When Wikinews posted a link to the Mormon Church's Handbook of Instructions, the foundation received a letter asking the free online news service to remove the link.
The Church of Jesus Christ of Latter-day Saints has long been protective about the material in the Church Handbook of Instructions. The handbook is a two-volume guide for Mormon ecclesiastical leaders that has appeared on the Internet from time to time. Representatives from the Mormon church have asked Wikimedia to remove the link to their intellectual property, but the church has not yet filed suit against the organization that posted the document, Wikileaks, which is not connected to the Wikimedia foundation.
Parts of the Church Handbook of Instructions have been posted online before. In the late 1990s, the Utah Light House Ministry posted 16 pages of the document online and then was asked to remove them when the Intellectual Reserve requested that a link to the book that appeared on Wikinews be deleted on the grounds of copyright infringement. The Mormon church has not filed a Digital Millennial Copyright Act complaint against the Wikimedia foundation.

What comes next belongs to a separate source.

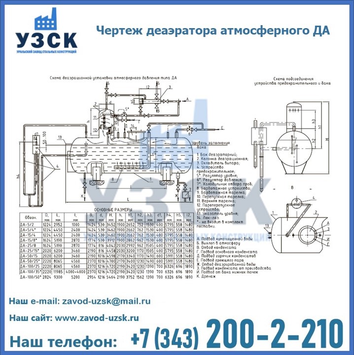Приобрести качественное оборудование, в том числе, деаэраторы ДА, можно в компании УЗСК в Люберцах. Мы предлагаем долговечную и надежную продукцию по приемлемой цене. Заказать и купить деаэраторы или другие изделия высокого качества можно через сайт Уральского Завода Стальных Конструкций, или позвонив по указанному в разделе «Контакты» телефону.

The Tanners agreed to quote no more than 50 words of the document at a time in any of their articles when the legal suit of Intellectual Reserve against the Utah Lighthouse Ministry ended in 2002. Sandra Tanner posted a response that can be found on Utah Lighthouse Ministry's website.
Wikileaks is a site for whistle blowers, according to spokespeople for the Wikimedia foundation. In April, someone sent the foundation a copy of the Church Handbook of Instructions. Wikinews reports that Intellectual Reserve, the agency that holds the intellectual property of the Mormon church, asked Jimmy Wales, the agent for the Wikimedia foundation, to remove the link.
The handbook, which is not available to the regular Mormon, is an instruction manual for branch presidents, bishops, and stake presidents on how to handle ecclesiastical affairs. The two-volume instruction manual contains little that would be shocking if the information became publicly available.
No one disputes the right of Intellectual Reserve or the Mormon church to protect its intellectual property, but threatening legal action only when some church documents are posted online makes the church look like it has something to hide. Intellectual Reserve and the Mormon leadership would be better served by posting the Church Handbook of Instructions on a site under the church's control.
The representatives for the Mormon church confused Wikileaks, a website dedicated to letting people post documents anonymously, with the makers of Wikipedia. The Church of Jesus Christ of Latter-day Saints would be better served by releasing the information to the public on its own website, rather than trying to make intellectual property claims. The public that knows little about the Mormon church will view this as an attempt to suppress information that the church does not wish known.
Resources:
“Copy of Handbook for the Church of Jesus Christ of Latter-day Saints Obtained by Wikinews.” Wikinews. April 19, 2008
“Mormon Church Handbook of Instructions.” Wikileaks. (The link to the document has not been provided to avoid unnecessary controversy.)